Persistent low-level variants in a subset of viral genes are highly predictive of poor outcome in immunocompromised patients with cytomegalovirus infection

J Infect Dis. 2024 Jan 5:jiae001. doi: 10.1093/infdis/jiae001. Online ahead of print.

Abstract

Background: Human cytomegalovirus is the most common and serious opportunistic infection after solid organ and haematopoietic stem cell transplantation. In this study, we used whole-genome cytomegalovirus data to investigate viral factors associated with the clinical outcome.

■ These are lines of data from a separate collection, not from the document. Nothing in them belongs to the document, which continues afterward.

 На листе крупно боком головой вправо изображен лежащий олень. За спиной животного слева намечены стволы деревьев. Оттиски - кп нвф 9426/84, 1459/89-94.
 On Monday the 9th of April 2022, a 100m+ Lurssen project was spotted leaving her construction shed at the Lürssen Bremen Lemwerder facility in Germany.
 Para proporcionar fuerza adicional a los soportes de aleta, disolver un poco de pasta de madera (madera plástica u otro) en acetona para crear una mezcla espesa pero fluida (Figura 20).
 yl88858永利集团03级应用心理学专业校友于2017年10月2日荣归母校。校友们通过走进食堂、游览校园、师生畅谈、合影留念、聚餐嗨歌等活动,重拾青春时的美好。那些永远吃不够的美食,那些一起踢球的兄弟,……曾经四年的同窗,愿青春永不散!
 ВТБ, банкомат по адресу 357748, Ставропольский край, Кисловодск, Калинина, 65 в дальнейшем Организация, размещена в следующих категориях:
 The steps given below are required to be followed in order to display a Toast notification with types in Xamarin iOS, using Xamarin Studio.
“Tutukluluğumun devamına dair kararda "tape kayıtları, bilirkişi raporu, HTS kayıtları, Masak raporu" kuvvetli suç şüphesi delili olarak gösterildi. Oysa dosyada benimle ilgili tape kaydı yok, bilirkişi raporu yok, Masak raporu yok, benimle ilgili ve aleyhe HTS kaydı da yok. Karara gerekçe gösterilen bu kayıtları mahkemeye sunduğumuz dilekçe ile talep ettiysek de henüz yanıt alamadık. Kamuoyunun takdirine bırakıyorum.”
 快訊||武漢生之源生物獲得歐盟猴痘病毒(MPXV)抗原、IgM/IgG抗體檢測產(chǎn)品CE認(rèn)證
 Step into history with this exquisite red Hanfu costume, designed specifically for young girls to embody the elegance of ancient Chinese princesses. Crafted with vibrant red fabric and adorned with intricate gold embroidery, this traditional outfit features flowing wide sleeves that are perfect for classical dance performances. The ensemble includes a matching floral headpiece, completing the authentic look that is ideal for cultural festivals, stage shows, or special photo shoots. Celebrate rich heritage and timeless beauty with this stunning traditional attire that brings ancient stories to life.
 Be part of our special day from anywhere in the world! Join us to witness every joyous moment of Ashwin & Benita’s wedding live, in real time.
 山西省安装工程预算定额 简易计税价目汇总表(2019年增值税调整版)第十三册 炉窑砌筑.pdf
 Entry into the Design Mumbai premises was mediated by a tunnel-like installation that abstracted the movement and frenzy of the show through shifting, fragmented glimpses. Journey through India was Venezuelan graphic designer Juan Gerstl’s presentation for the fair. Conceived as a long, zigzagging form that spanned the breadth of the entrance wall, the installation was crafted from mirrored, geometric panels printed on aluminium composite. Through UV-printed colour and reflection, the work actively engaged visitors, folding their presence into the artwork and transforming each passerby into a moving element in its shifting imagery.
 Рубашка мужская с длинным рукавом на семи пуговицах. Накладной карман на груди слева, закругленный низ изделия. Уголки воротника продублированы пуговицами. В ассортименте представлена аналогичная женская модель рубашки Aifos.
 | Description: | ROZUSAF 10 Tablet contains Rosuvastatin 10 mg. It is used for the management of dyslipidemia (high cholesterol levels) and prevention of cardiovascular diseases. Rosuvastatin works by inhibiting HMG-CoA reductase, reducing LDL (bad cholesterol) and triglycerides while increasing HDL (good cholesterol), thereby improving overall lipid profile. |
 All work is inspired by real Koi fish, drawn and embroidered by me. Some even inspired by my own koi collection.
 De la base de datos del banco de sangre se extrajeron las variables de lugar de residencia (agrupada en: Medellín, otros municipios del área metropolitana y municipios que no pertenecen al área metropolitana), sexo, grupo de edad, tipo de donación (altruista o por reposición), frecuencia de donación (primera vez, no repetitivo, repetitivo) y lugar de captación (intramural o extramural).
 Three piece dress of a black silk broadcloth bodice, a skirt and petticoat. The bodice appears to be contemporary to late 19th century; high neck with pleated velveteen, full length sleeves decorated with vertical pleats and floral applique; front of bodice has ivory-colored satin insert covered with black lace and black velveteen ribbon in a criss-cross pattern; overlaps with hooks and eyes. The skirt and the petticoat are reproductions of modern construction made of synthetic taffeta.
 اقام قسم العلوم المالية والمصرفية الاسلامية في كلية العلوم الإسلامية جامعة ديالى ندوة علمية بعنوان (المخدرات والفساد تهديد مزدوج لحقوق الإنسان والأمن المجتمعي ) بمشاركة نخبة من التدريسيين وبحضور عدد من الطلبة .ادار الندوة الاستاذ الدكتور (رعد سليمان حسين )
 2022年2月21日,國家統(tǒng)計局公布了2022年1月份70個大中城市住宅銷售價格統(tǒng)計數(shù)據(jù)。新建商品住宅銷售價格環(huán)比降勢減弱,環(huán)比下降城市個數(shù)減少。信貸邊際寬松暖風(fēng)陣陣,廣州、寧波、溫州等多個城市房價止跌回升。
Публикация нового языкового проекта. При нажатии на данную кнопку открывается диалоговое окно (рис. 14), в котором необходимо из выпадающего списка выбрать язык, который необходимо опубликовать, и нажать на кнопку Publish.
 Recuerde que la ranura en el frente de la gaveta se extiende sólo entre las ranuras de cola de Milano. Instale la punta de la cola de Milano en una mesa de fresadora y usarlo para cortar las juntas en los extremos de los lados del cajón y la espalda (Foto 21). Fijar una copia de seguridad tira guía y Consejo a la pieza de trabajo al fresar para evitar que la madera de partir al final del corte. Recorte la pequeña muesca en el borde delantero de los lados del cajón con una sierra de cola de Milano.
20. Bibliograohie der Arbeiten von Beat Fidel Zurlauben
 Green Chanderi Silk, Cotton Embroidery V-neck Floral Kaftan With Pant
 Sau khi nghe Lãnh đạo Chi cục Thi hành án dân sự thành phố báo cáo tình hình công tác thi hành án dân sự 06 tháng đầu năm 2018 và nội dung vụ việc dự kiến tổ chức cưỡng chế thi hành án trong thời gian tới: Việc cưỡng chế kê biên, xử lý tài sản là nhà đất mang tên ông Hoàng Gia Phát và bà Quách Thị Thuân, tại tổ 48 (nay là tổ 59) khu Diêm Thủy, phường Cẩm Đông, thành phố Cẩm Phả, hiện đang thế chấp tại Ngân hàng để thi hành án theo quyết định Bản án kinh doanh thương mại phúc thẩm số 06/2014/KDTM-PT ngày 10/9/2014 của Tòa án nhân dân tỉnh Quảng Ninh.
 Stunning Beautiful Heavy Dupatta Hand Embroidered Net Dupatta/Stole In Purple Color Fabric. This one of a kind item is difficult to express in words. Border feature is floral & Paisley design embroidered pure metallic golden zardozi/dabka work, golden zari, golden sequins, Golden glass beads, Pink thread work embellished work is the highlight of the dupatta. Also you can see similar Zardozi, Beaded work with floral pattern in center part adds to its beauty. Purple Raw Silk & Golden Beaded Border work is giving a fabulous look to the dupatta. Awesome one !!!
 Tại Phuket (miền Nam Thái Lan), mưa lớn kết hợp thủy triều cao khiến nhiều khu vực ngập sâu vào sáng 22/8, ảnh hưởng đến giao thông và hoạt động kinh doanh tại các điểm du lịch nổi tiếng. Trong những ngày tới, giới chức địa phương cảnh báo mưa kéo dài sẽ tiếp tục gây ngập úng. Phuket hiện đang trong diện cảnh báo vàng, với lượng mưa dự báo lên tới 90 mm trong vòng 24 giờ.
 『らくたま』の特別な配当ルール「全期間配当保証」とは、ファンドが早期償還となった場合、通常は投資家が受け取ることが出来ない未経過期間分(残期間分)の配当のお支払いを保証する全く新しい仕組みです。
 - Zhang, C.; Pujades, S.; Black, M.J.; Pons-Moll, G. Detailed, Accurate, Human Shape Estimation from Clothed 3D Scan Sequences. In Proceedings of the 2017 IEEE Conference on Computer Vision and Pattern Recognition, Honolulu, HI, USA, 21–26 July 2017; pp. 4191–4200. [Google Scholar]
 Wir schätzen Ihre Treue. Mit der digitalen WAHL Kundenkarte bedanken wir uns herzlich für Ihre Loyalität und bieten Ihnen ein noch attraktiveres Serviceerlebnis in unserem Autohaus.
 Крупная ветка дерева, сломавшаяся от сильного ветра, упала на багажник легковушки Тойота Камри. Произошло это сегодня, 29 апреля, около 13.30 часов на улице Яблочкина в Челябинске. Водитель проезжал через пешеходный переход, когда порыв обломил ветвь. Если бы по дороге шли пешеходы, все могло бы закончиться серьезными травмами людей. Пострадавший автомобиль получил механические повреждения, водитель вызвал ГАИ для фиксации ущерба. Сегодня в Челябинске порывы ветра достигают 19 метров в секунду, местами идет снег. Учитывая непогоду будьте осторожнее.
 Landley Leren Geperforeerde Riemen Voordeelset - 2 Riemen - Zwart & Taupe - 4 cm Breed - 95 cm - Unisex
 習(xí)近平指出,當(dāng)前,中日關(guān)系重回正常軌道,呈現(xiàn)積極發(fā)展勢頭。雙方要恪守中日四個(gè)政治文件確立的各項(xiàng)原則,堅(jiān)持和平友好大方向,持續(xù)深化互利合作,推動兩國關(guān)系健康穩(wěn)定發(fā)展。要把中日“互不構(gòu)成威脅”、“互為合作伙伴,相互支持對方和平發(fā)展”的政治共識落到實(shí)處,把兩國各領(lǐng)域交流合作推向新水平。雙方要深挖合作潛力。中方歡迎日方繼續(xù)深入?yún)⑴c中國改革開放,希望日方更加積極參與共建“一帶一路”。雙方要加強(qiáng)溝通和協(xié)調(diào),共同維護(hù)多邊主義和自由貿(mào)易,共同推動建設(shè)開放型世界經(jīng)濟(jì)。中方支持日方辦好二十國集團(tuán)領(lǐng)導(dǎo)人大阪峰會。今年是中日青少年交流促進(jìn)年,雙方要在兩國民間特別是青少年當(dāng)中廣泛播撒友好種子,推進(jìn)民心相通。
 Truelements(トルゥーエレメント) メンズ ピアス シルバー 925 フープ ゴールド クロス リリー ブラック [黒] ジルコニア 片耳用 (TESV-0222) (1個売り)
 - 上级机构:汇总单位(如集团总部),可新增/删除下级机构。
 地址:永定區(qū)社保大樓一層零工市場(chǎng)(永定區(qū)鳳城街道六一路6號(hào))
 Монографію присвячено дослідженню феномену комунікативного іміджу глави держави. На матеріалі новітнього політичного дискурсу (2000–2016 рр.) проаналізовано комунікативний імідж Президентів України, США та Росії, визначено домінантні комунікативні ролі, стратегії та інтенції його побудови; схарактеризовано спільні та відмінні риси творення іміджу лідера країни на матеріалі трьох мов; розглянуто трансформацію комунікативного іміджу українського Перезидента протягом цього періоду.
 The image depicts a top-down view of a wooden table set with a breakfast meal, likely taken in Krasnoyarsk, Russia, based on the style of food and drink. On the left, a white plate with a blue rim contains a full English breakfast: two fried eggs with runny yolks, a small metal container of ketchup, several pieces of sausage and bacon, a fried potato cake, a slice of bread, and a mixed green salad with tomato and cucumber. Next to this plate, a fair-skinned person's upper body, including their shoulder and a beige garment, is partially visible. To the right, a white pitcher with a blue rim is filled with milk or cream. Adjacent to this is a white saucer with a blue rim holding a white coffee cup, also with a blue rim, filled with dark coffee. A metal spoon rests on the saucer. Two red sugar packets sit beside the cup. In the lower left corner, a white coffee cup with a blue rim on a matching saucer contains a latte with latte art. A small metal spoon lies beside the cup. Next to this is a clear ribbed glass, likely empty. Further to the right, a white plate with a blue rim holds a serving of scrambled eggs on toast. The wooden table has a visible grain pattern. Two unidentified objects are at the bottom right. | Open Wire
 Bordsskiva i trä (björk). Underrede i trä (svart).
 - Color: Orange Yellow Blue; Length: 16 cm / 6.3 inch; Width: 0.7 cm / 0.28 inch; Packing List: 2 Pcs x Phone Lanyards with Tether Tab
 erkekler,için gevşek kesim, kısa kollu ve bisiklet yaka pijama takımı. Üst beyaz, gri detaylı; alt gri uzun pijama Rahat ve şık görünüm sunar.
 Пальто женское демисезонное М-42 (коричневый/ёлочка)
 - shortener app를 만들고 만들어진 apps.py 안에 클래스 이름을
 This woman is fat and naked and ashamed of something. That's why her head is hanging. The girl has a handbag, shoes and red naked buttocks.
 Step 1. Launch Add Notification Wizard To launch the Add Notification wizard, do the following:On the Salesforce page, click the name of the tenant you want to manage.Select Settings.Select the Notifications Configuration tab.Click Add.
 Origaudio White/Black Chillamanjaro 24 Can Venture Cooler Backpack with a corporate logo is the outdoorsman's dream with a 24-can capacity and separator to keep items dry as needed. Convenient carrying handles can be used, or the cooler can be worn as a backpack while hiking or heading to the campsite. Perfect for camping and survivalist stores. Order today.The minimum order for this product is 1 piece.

Methods: We sequenced cytomegalovirus samples from 16 immunocompromised paediatric patients with persistent viraemia. 8/16 patients died of complications due to cytomegalovirus infection. We also sequenced samples from 35 infected solid organ adult recipients of whom one died with cytomegalovirus infection.

Results: We showed that samples from both groups have fixed variants at resistance sites and mixed infections. NGS sequencing also revealed non-fixed variants at resistance sites in most of the patients who died (6/9). A machine learning approach identified 10 genes with non-fixed variants in these patients. These genes formed a viral signature which discriminated patients with cytomegalovirus infection who died from those that survived with high accuracy (AUC=0.96). Lymphocyte numbers for a subset of patients showed no recovery post-transplant in the patients who died.

Conclusions: We hypothesise that the viral signature identified in this study may be a useful biomarker for poor response to antiviral drug treatment and indirectly for poor T cell function, potentially identifying early, those patients requiring non-pharmacological interventions.

Keywords: cytomegalovirus infection; genomics; transplant; viral signature.